Reproduce only the lines of the material below that start at the line containing "利用【Semivariogr" and stop at the line containing "FRANCO MONTEMAGGIORE Olio". Keep both end lines.

====== Listed entries

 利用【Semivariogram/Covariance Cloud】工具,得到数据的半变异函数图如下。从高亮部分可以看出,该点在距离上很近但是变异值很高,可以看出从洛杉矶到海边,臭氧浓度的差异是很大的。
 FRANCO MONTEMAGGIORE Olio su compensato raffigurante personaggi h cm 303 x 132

============
====== Listed entries

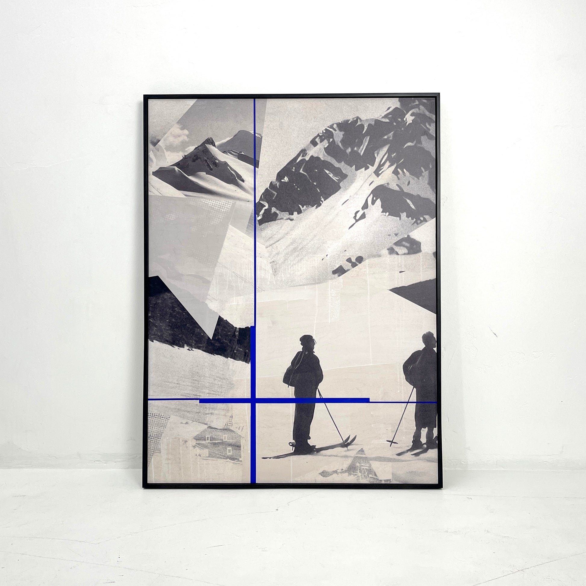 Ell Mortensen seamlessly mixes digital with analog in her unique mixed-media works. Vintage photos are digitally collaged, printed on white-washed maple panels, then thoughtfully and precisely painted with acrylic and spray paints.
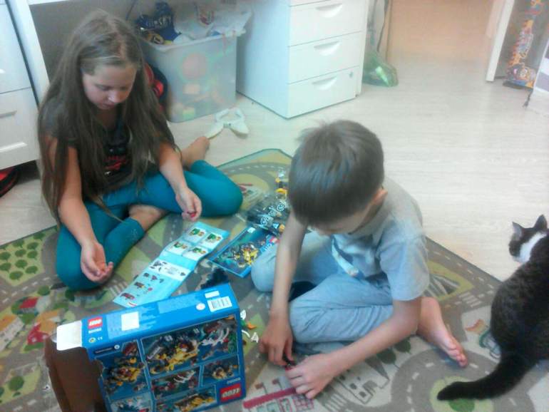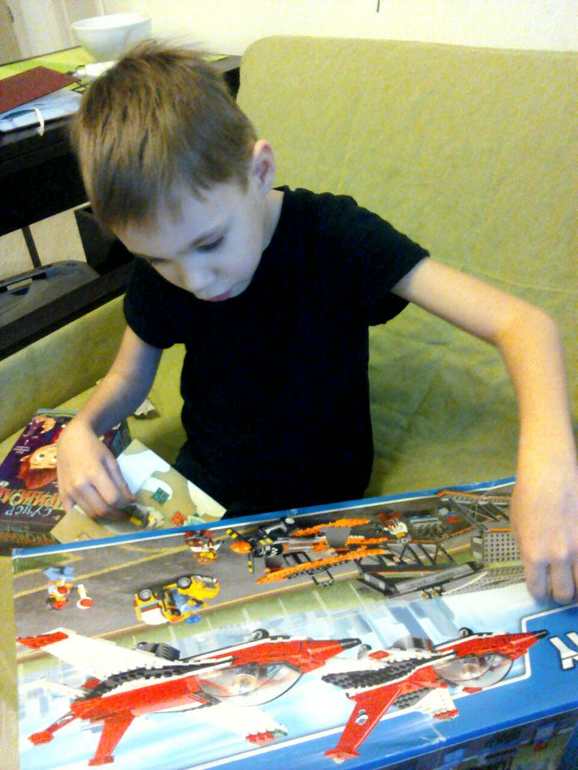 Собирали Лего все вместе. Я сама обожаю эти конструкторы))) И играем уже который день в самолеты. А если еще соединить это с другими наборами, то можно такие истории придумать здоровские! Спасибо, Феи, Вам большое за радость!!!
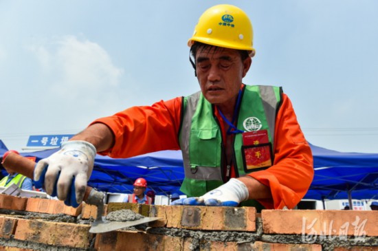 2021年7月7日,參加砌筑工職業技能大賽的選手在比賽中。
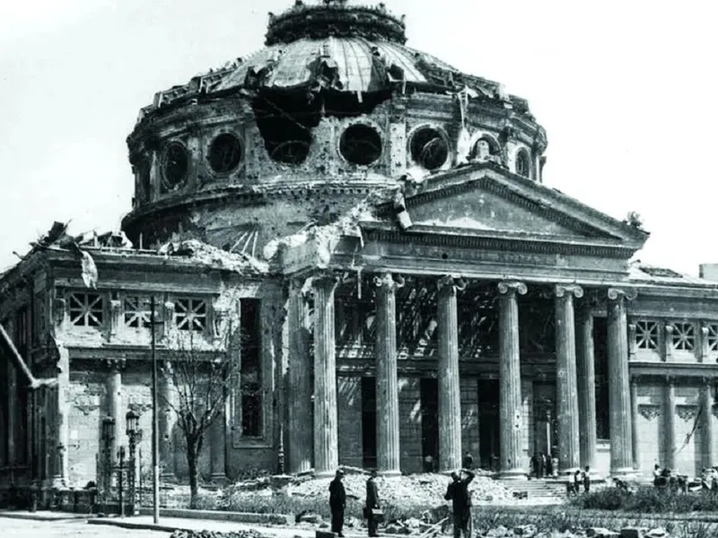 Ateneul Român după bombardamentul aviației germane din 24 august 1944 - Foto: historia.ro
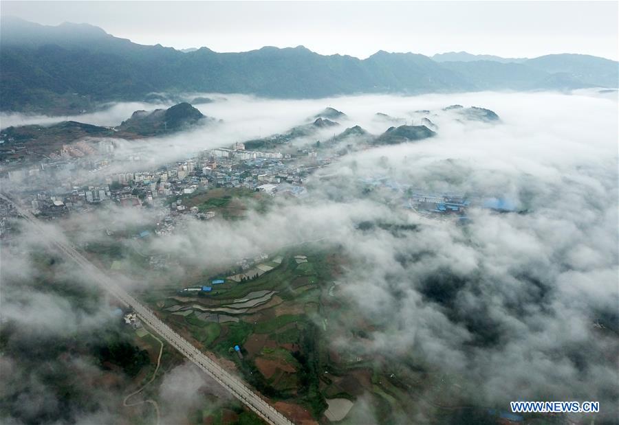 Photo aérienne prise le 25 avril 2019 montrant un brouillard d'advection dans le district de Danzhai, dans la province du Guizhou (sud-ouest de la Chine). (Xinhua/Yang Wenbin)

============

## Answer box
 利用【Semivariogram/Covariance Cloud】工具,得到数据的半变异函数图如下。从高亮部分可以看出,该点在距离上很近但是变异值很高,可以看出从洛杉矶到海边,臭氧浓度的差异是很大的。
 FRANCO MONTEMAGGIORE Olio su compensato raffigurante personaggi h cm 303 x 132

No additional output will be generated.